I’m only aware of the Gaussian process model, general regression models with the CAR correlation function for residuals, and some of the usual moving-average models that you can find in any old time series book.
Gaussian processes are obviously the most popular (right now), due in part to the publicity that they get on Gelman’s blog, and in BDA3. But GP models make me a bit nervous for a few reasons:
The likelihood is not identified, so strong priors are recommended
Fitting GP models is time consuming. I think it takes something like \(n^{2}\) or \(n^{3}\) steps to fit the model. This won’t work on my problems with \(100,000\) obs.

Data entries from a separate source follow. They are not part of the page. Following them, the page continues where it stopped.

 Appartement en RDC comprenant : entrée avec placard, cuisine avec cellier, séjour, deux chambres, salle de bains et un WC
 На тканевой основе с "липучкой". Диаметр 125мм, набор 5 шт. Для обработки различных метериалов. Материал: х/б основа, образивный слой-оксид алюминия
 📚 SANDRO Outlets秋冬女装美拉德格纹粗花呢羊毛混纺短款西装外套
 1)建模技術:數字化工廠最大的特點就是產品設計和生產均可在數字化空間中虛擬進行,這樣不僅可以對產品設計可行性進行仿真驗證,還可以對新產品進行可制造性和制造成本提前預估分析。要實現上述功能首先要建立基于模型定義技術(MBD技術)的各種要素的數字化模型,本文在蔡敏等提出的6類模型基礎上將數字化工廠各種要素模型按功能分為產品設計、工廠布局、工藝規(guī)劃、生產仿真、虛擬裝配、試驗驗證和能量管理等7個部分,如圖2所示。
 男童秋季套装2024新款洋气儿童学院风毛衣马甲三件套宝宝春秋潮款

I’d rather not have to think about which correlation structure to use. The default for many people seems to be the quadratic exponential structure, but it’s unclear to me what’s so great about it, aside from the fact that it looks like a Normal kernel and may have some computational advantages. Maybe that’s enough to get to be a default. (After all, statistics is the science of defaults, ha).

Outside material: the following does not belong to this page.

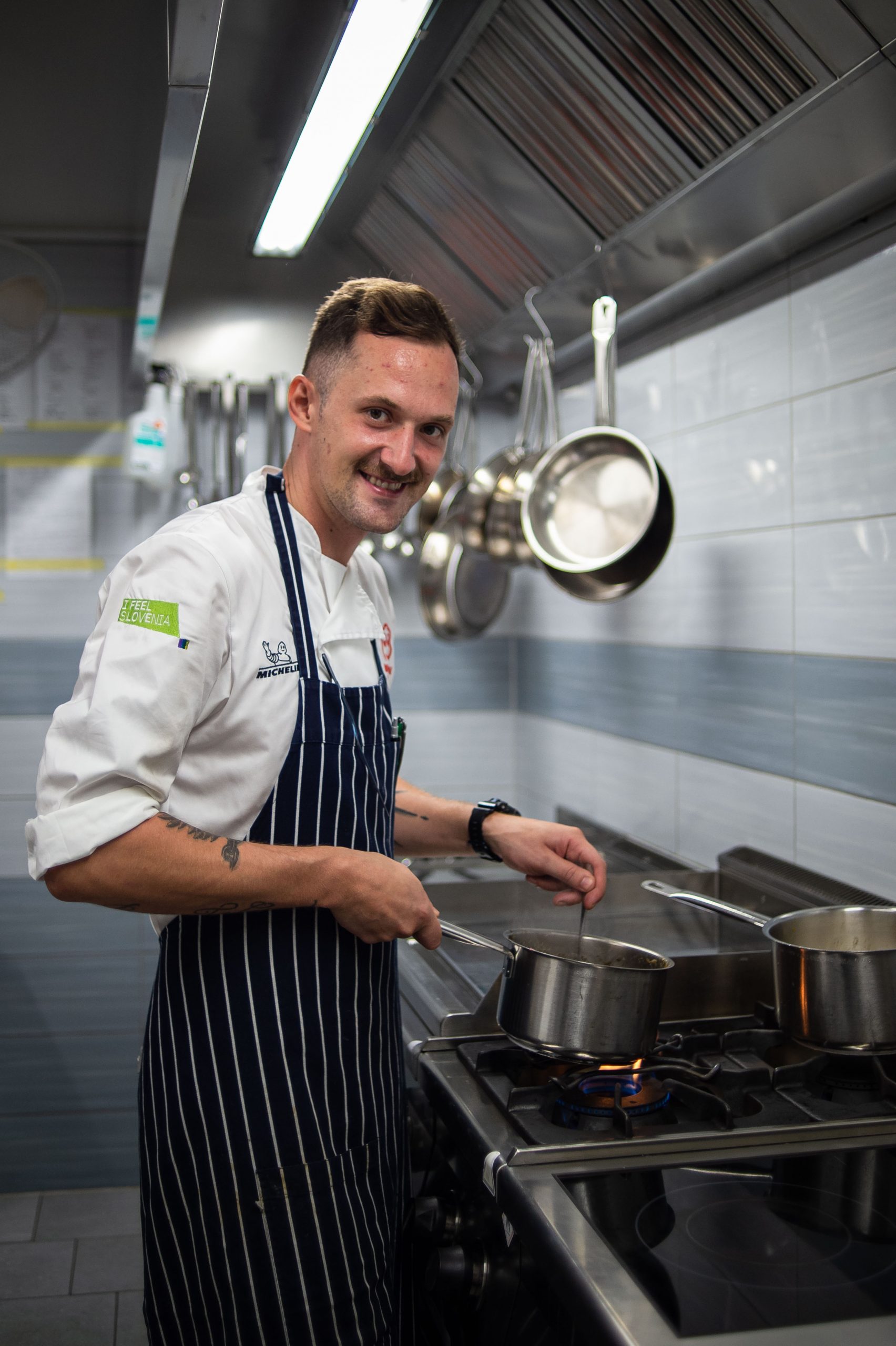 30-letni Prekmurec velja za enega najboljših chefov mlajše generacije v Sloveniji. Spominja se, da je že v otroštvu zelo rad poprijel za kuhalnico – z mamo sta največkrat delala prekmursko gibanico. V svoje jedi še danes rad vključuje sestavine iz svojih krajev, seveda na zelo prefinjen, nevsakdanji način. “Na meniju imamo recimo file romba z ocvirki od Kodile,” pove, medtem ko svojim kuharjem že daje navodila za pripravo kosila.
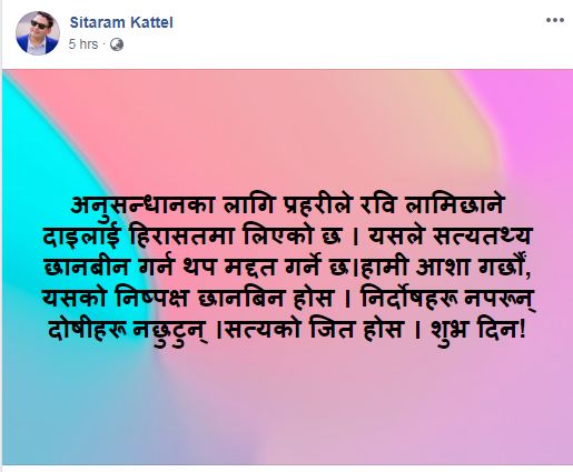 अनुसन्धानका लागि प्रहरीले रवि लामिछाने दाइलाई हिरासतमा लिएको छ । यसले सत्यतथ्य छानबीन गर्न थप मद्दत गर्ने छ’, कट्टेलले सामाजिक सञ्जालमा भनेका छन्, ‘हामी आशा गर्छौं, यसको निष्पक्ष छानबिन होस् । निर्दोषहरू नपरून् दोषीहरू नछुटुन् । सत्यको जित होस । शुभ दिन ’’

I think generalized additive models are a great alternative to GP models. They are faster to fit than GP models and identified given some reasonable constraints. I do not think they are as flexible as GP models, but they are quite good enough (last least in my experience.)
As a small mathematical bonus, we have that GAMs are just a special case of GP models (Kimeldorf and Wahba, 1970).
Modeling w/ time
I like to think about two ways to handle time series data:
Model the changing function directly through the linear predictor
Account for the corrected errors by imposing some correlation structure on the covariance matrix of the residuals.
Option 1 means do better regressions. Option 2 is less common, but Pinheiro and Bates’ nlme book has great tips for how to approach this using their R package, which is my sole experience with correlation matrix modeling.
Research questions
As always, whatever you use to model time series data, I think the research question is the most important thing, and should come first. You want to pick a method that helps you answer the most important research questions. And you hope that the model you use to answer the question will produce outcomes that are easy to communicate.
Unfortunately with time series data, it seems that it’s easy to lose track of the research question in favor of just finding a model that fits the data nicely. I don’t know what it is: perhaps the fact that models get so complicated that they become practically useless for answering simple questions?
Of course, a nice fit doesn’t mean we can just generalize from sample to population willy-nilly… so more potential troubles.